"Then Jesus was led up by the Spirit into the wilderness to be tempted by the devil. And after fasting forty days and forty nights, he was hungry. And the tempter came and said to him..."
(Matthew 3)
Vulnerable. Needy. Unfulfilled. Lacking in something. Desperate. Incomplete. Tired.
And then the tempter makes its move. When we are at our wit's end, or simply not at our strongest.
I've experienced a taste of this over the past few months. Without going into details, I can attest to this all, and I bet you can too. Satan would love nothing more than to steal, kill, and destroy or joy and our love for Christ. He numbs it down and makes it not so glorious. He makes us feel like our lives are sub-par, as if we're just like everybody else in the world. But we're not.
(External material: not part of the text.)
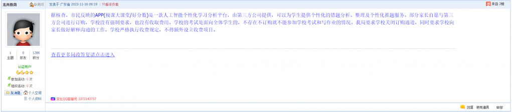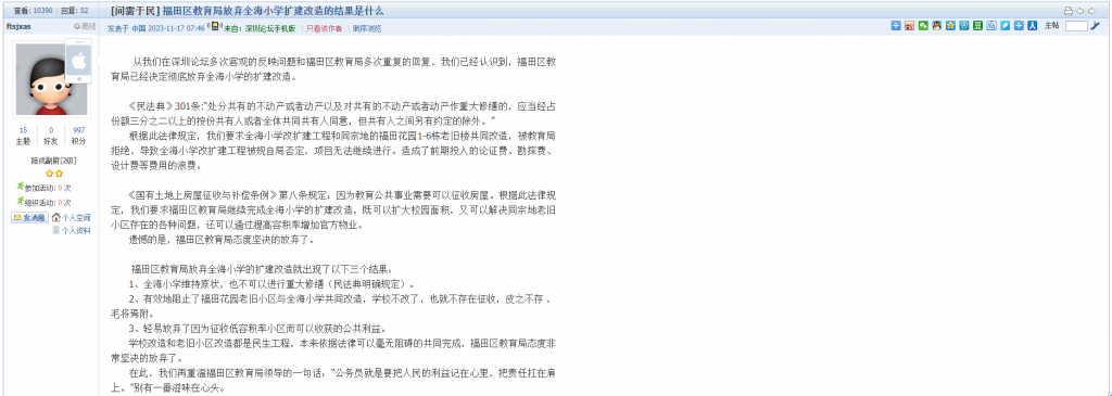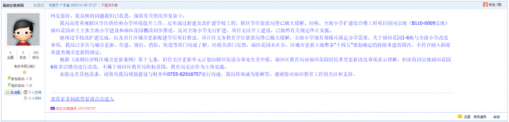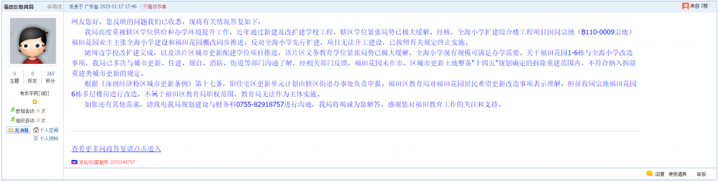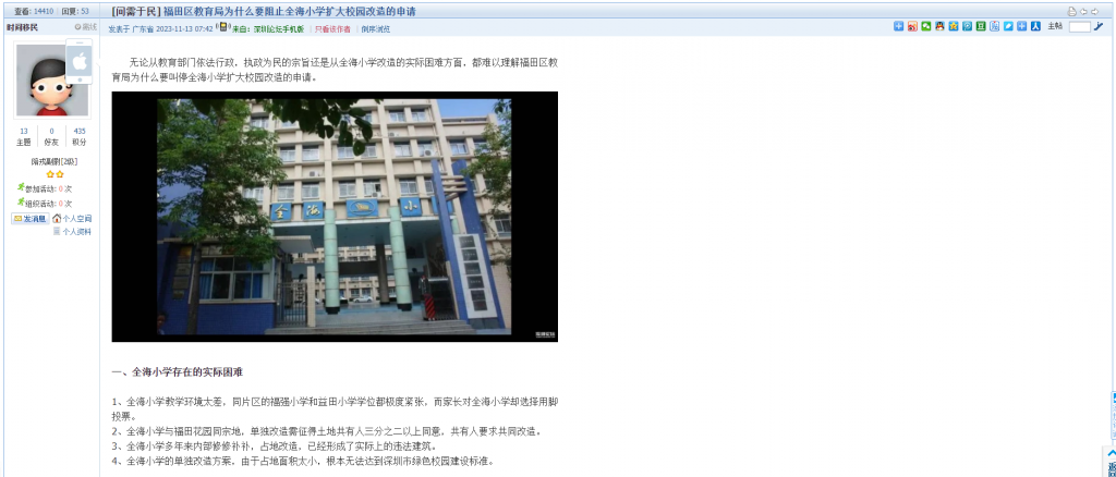 1、帖文《福田区教育局为什么要阻止全海小学扩大校园改造的申请》

We are created by the Father and Creator of all things to be children of the Living and Active God Almighty, who actually gave himself in the form of Jesus to be killed a strong death for the very sin that had once separated us from him because he wanted us SO badly. Who would do that? I mean really... who!?! Our society doesn't work that way, so it doesn't make sense to us. Or at least it doesn't make sense to me. But I sure want to believe it to be true.
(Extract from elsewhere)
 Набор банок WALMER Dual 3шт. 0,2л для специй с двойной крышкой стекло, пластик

"If God is for us, who can be against us?" (Romans 8:31)
But we get hungry, and we forget about all of this. Hungry for more, for better, to be satisfied, to be different. Hunger is confusing.
A few weeks ago I was trying to do the "paleo" diet (no grains, no dairy, no artificialities), and I realized that the diet itself was perfectly easy to follow-- but I couldn't let myself get to the point of hunger without being able to see my paleo food in sight, because otherwise I became irrational. I wanted to grab a piece of hearty toast, or a slice of cake, or yogurt or anything that was right in front of me, just to "take the edge off". Of course none of those things are inherently bad at all.. they're still healthy! But they weren't what I needed then, because I had made a decision to not eat those things at that time. Hunger does that to you though. It makes you want to drop all of your rules and fences. You just want to hurry up and take the edge away from your hunger, even if that means cheating a little bit.
When I read Matthew 3 about Jesus being tempted by Satan, though, I feel encouraged. He was hungry and vulnerable, but he didn't give in. He was tempted with instant gratification, immortality, and ultimate power. Each time the tempter put out the bait for Jesus, Jesus would come back at him with Scripture. He didn't even try to make up excuses of why it's maybe not the best idea because of dot dot dot. He just throws Scripture in the face of temptation, because he knows that it speaks the loudest and is the truest of all.
I'm totally imperfect at all of this, but I'm so thankful that my eyes have been opened to some sort of insight into what's going on behind closed doors when I'm feeling tempted into any wrong-doings.
Praise God from whom all blessings flow;
Praise Him all creatures here below;
Praise him above, ye heavenly host;
Praise Father, Son, Holy Ghost. Amen.